[Work instruction] Pictures excluded, output the lines of the data below between the one holding "The V8 is connected" and the one holding "Ongebruikt, getest en", inclusive, exactly as they stand.

----- Entries supplied

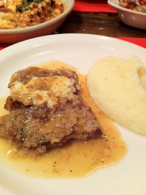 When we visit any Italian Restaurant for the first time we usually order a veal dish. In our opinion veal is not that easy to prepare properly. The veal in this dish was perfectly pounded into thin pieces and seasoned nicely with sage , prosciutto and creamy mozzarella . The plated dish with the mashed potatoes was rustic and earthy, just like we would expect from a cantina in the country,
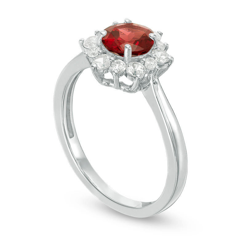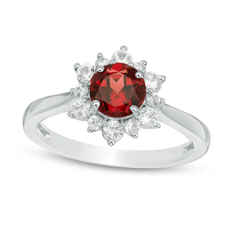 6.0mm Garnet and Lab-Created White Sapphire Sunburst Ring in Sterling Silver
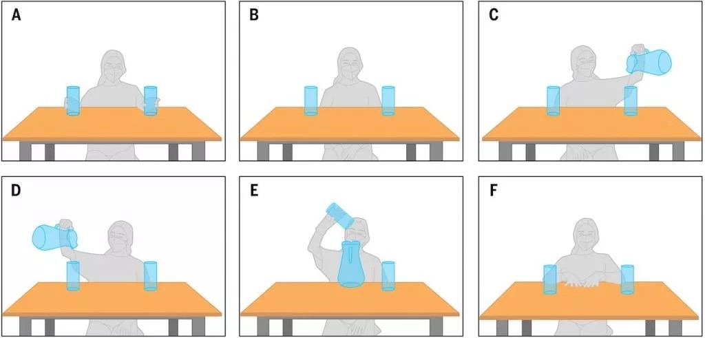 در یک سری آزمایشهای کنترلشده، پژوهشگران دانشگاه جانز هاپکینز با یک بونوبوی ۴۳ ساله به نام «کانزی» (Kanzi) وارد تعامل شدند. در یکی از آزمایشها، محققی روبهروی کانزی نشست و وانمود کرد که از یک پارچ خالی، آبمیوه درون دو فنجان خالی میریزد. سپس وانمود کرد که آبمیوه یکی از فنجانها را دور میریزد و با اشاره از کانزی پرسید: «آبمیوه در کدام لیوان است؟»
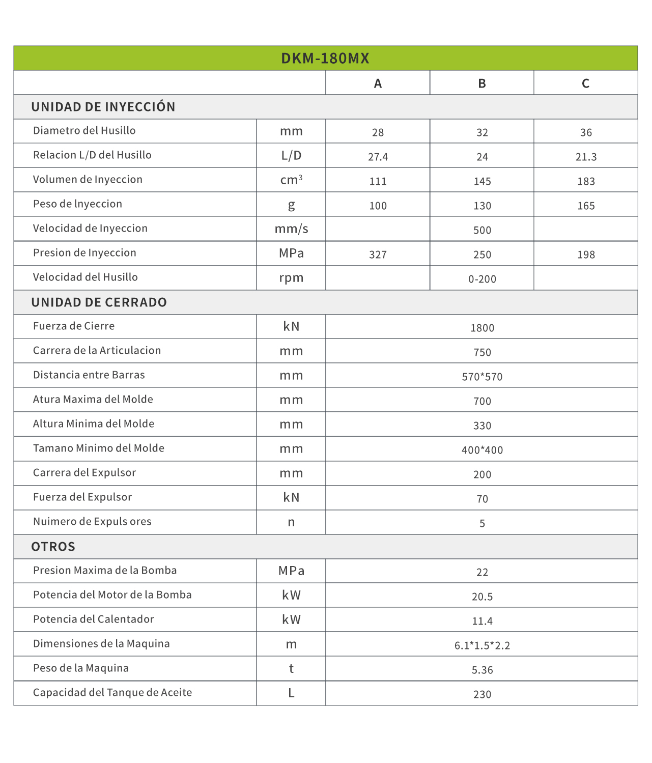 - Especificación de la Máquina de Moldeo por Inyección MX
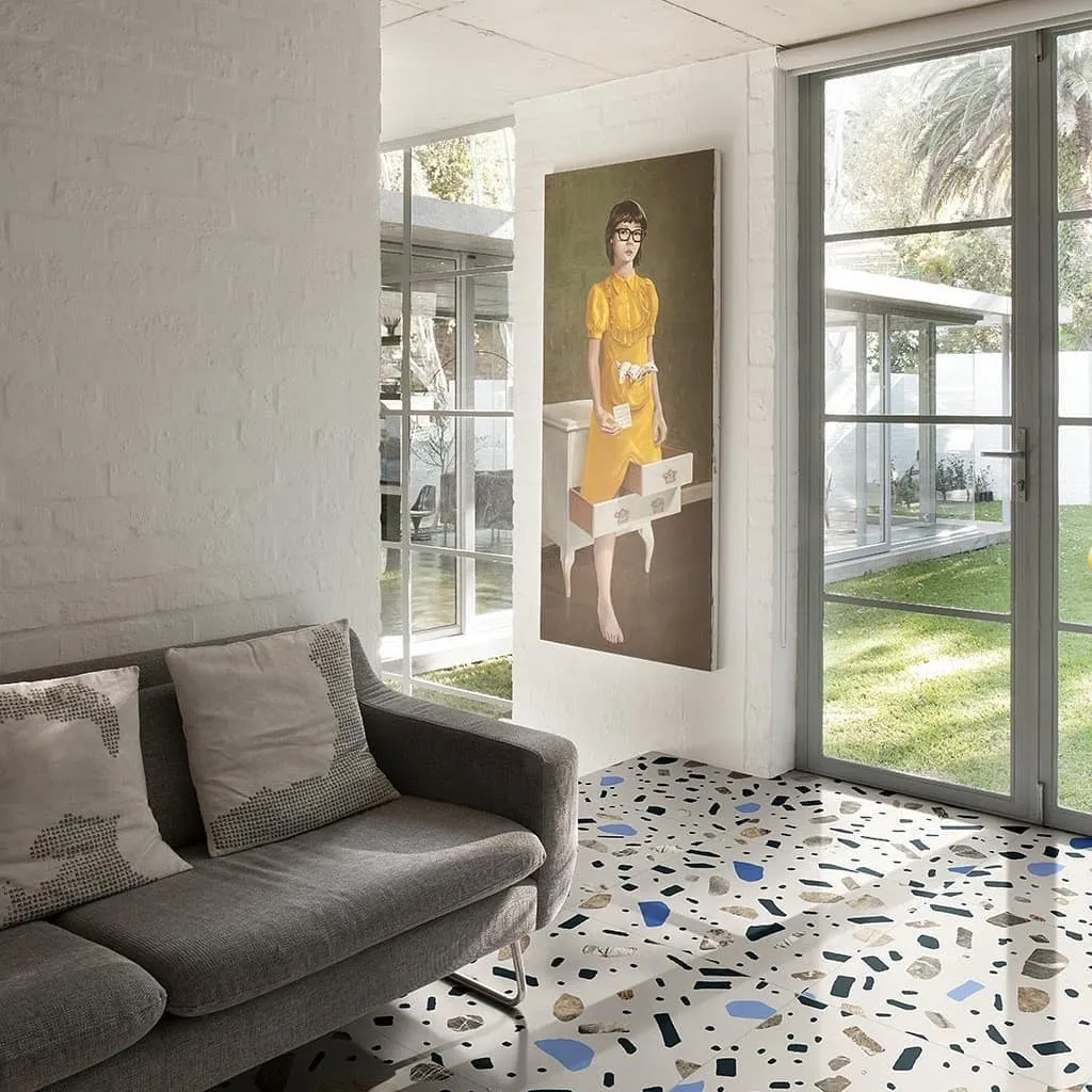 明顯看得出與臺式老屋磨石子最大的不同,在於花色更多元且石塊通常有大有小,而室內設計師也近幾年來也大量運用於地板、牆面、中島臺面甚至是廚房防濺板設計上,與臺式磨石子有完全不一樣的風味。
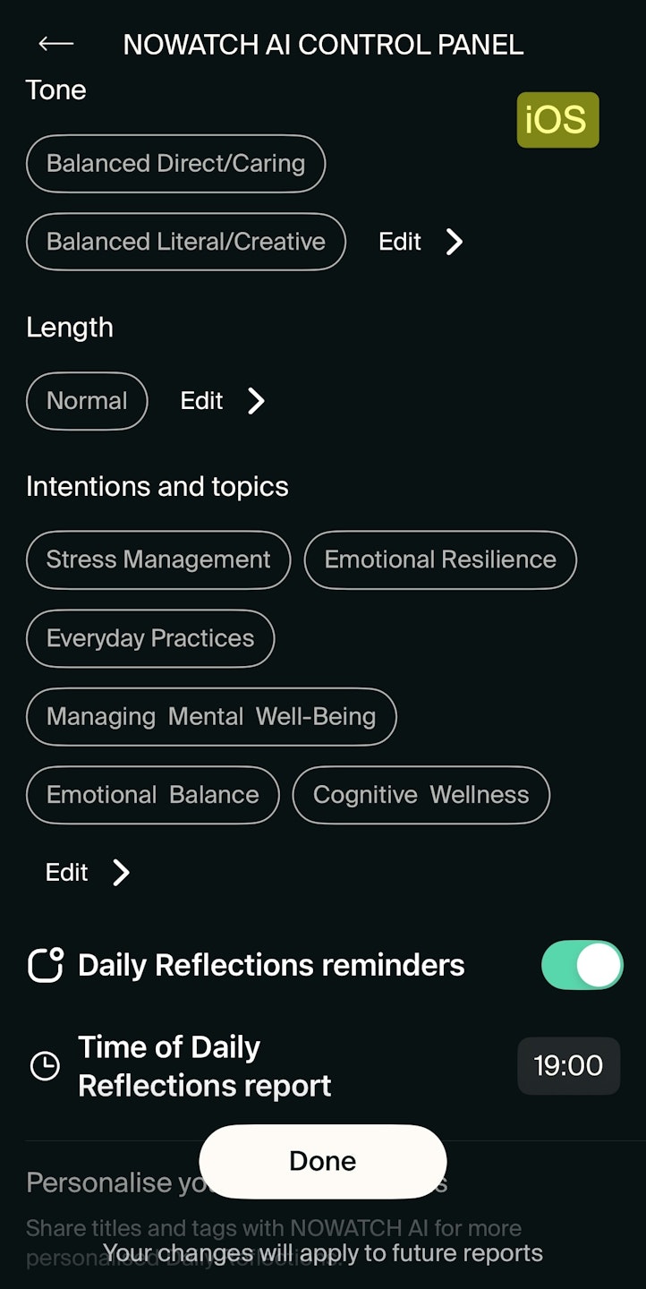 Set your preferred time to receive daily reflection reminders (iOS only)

----------
----- Entries supplied

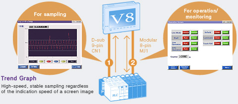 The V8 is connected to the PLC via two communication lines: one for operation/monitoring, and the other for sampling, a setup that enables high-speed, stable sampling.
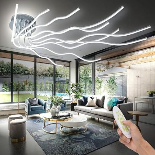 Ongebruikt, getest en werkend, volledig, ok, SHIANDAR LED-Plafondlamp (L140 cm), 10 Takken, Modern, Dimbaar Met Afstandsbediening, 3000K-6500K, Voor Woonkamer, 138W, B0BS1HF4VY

----------
----- Entries supplied

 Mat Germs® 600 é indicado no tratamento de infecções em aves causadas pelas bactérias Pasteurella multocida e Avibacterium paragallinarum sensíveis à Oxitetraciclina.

----------

[Written reply]
 The V8 is connected to the PLC via two communication lines: one for operation/monitoring, and the other for sampling, a setup that enables high-speed, stable sampling.
 Ongebruikt, getest en werkend, volledig, ok, SHIANDAR LED-Plafondlamp (L140 cm), 10 Takken, Modern, Dimbaar Met Afstandsbediening, 3000K-6500K, Voor Woonkamer, 138W, B0BS1HF4VY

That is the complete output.